Francia

Pero en Francia se entierra mejor

Haría tiempo que del complejo de Les Invalides se hubiera exhumado a Napoleón y a los demás

Dicen que en España se entierra muy bien, pero en Francia se entierra mejor. A Jean-Paul Belmondo lo condujeron a hombros de los militares hasta su tumba en el panteón de Les Invalides con música de Ennio Morricone y una ceremonia solemne, acorde con uno de esos países que se toman a sí mismos medianamente en serio.

Me imagino cómo hubiera sido el entierro de Belmondo en España, después de un debate de calado sobre si había que ponerle o no la bandera española sobre el féretro y, sobre todo, qué bandera había que ponerle. Arreciaría la polémica sobre multitud de cosas, por ejemplo sobre si el Gobierno se estuviera apropiando de la figura de un actor de su talla cuando no atiende las demandas laborales de los demás y en la entrada, sobre los micrófonos de la prensa, se habrían sentado las posiciones del clásico debate entre subvenciones al cine sí o no, el «No a la guerra» o cualquier cosa que en ese día quisiera poner de relieve la cultura abajofirmante y comprometida. Haría tiempo que del complejo de Les Invalides se hubiera exhumado a Napoleón y a los demás y se hubiera convertido el edificio que mandó construir Luis XIV en un centro de interpretación de los horrores del absolutismo.

La última vez que escuché La Marsellesa en vivo fue en los toros en el circo romano de Arlés. Había pintado el ruedo Hervé di Rosa con sus toreros ciclópeos. La emprendieron porque toreaba Juan Bautista y entre toro y toro saltaron dos antitaurinos a impedir el rito sacrificial de la corrida. Justo en el momento en el que eran detenidos por la policía, de pronto el público de la plaza comenzó a cantar su himno espontáneo y la banda le siguió. Un torero español que me acompañaba habló de la envidia que sentía por aquel pueblo tan patriota. Yo creo que el error de apreciación que se comete sobre «La Marsellesa» es que se considera un himno patriótico, cuando es un himno que representa a la ciudadanía y encarna una patria en cuanto encarna unos valores, en aquel caso que no vinieran dos zangolotinos a reventar lo que otros querían vivir en «liberté».

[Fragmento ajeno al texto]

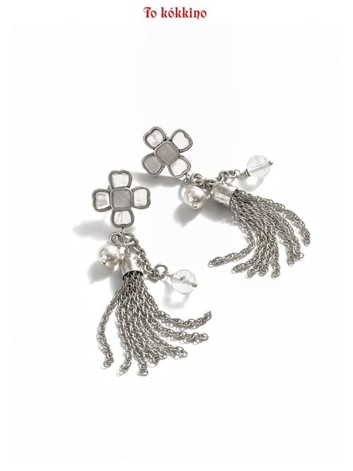 tokokkino "Cold Silver Flow" Crystal Silver-Burnt Tassel Earrings

Mi abuela Elena, que nació en las minas de San Platón en Almonaster La Real, con cuatro años y en plena primera guerra mundial, soñaba despierta que los tanques alemanes se abrían paso entre las jaras de la sierra de Huelva. Me lo contó con más de cien años, recordando aquellos días en los que su padre Hubert y su tío Aristides salieron de allí a pelear en la guerra por defender su país. Hubert volvió y Aristides se quedó en Ypres, en Bélgica, «enterrado bajo una cruz blanca con su nombre» según la carta que envió su capitán a su viuda, María Echeverría. En otra carta, su sargento contaba que el teniente Banastier era bromista y que rápidamente se hizo con el favor de la tropa gracias a su ánimo y su buen humor, y que murió entre grandes dolores después de ser alcanzado por un trozo de metralla en una contraofensiva de los alemanes. Desconozco cuánto miedo pasó aquel día, pero sé que en su última misiva «camino de una misión peligrosa» se despedía de su familia y a su esposa le pedía paciencia: «María, algún día Dios volverá a juntarnos» y a los suyos les hacía otra demanda: «No me olvidéis nunca», y a día de hoy, no le hemos olvidado. Cuando en casa se escucha «La Marsellesa», seguimos pensando en él.